Peu d’informations sur l’évolution des caractéristiques de structures végétalisées sont disponibles à ce jour. Les règles professionnelles françaises (ADIVET et al., 2007) donnent toutefois des indications concernant le développement attendu au niveau du pourcentage de recouvrement par la végétation sur les deux premières années de vie de la toiture. Une étude menée dans un contexte de culture de plantes médicinales et potagères a montré une tendance à l’augmentation au cours du temps des concentrations en ETM dans les végétaux notamment en lien avec les teneurs élevées dans le substrat (Ye et al., 2013). Les teneurs dans les végétaux étaient cependant très faibles en comparaison de celles du substrat sauf pour Zn.
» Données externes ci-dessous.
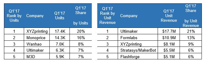 In de Personal Desktop 3D printmarkt is het Chinese XYZprinting marktleider qua aantal verkochte printers. Het Chinese concern – met een Europees distributiecentrum in Nederland – zag de verkopen met 20% toenemen in de eerste drie maanden tot 17.400 printers. Monoprice staat op de tweede plaats (14.300 units), Wanhao derde (7.000) en het Nederlandse Ultimaker op de vierde plek (6.300 printers in één kwartaal geleverd). Ultimaker staat echter wel op de eerste plek als het lijstje wordt opgemaakt aan de hand van de omzet. Het Nederlandse bedrijf haalde uit de verkopen een omzet van 17,7 miljoen dollar (marktaandeel 21%), gevolgd door Formlabs (10,9 miljoen) en XYZprinting 8,1 miljoen). Makerbot (Stratasys) staat hier op de 4e plek met een omzet van 5,5 miljoen dollar. Context zegt over Ultimaker en Formlabs dat beide bedrijven er goed in slagen om de juiste balans te vinden tussen verkochte aantallen en prijs, waardoor ze de beste plekken innemen in de rangorde qua omzetten.
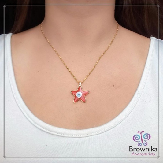 Cadena Corta Ojito Turco Mini Rojo & Topos
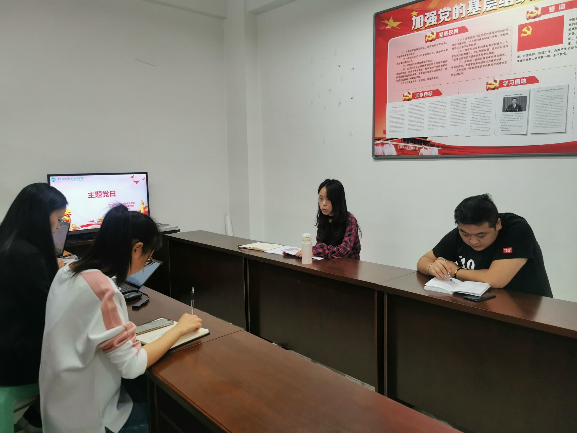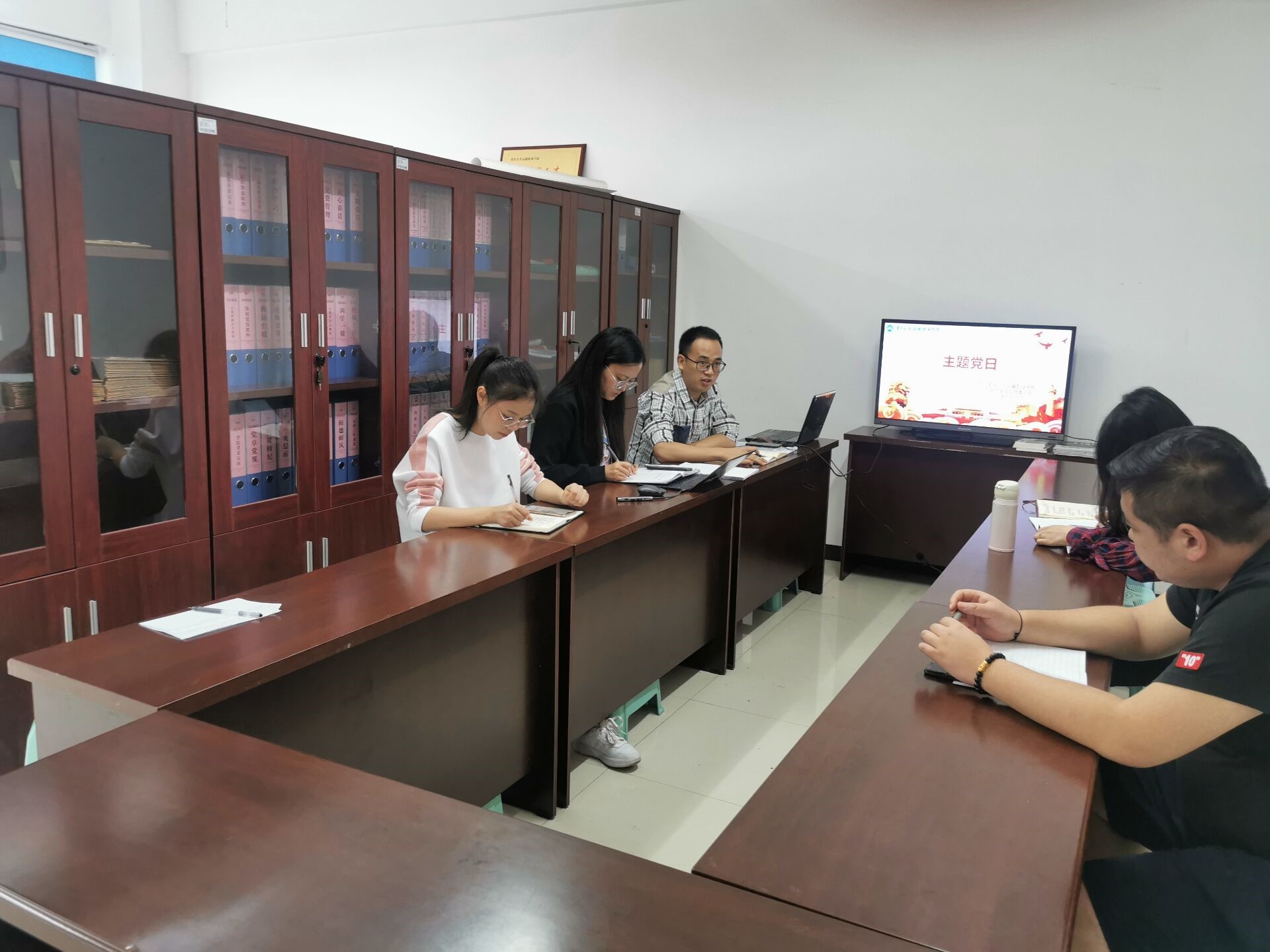 党支部书记胥迅同志阐述了理论学习的重要性、作为教育工作者应“以心育心、以德育德、以人格育人格”,培养爱生如子的情怀与担当,同时激励支部全体党员要进一步增强自身的责任感、使命感和荣誉感。组织委员潘勇同志引导每一位教师甘于平凡,在平凡的岗位上脚踏实地、默默耕耘,让敬业与责任成为一种习惯。宣传委员殷镭同志主要强调要不断调整方法、反思不足;不忘初心、见贤思齐、锐意进取。团总支书记袁昊同志坚定信念要严于律己、起好模范带头作用,勇于担当作为,做党和人民满意的好党员、好老师。

Des variations significatives des teneurs en Ni et Cd dans le substrat ont également été enregistrées, expliquées partiellement par les apports atmosphériques industriels. Une autre étude sur les teneurs en ETM d’une toiture âgée de plusieurs années à différentes épaisseurs de la structure montre une absence de variation significative des teneurs avec la profondeur (Speak et al., 2014). Les caractéristiques initiales des substrats n’étant pas disponibles, il n’est pas possible de conclure quant à leur évolution.

La réalisation des prélèvements de végétaux et de substrats à différentes périodes des trois premières années de vie des toitures végétalisées expérimentales du Laboratoire de Nancy nous a permis d’obtenir des informations plus précises sur les évolutions rencontrées dans les structures de toitures végétalisées au cours du temps.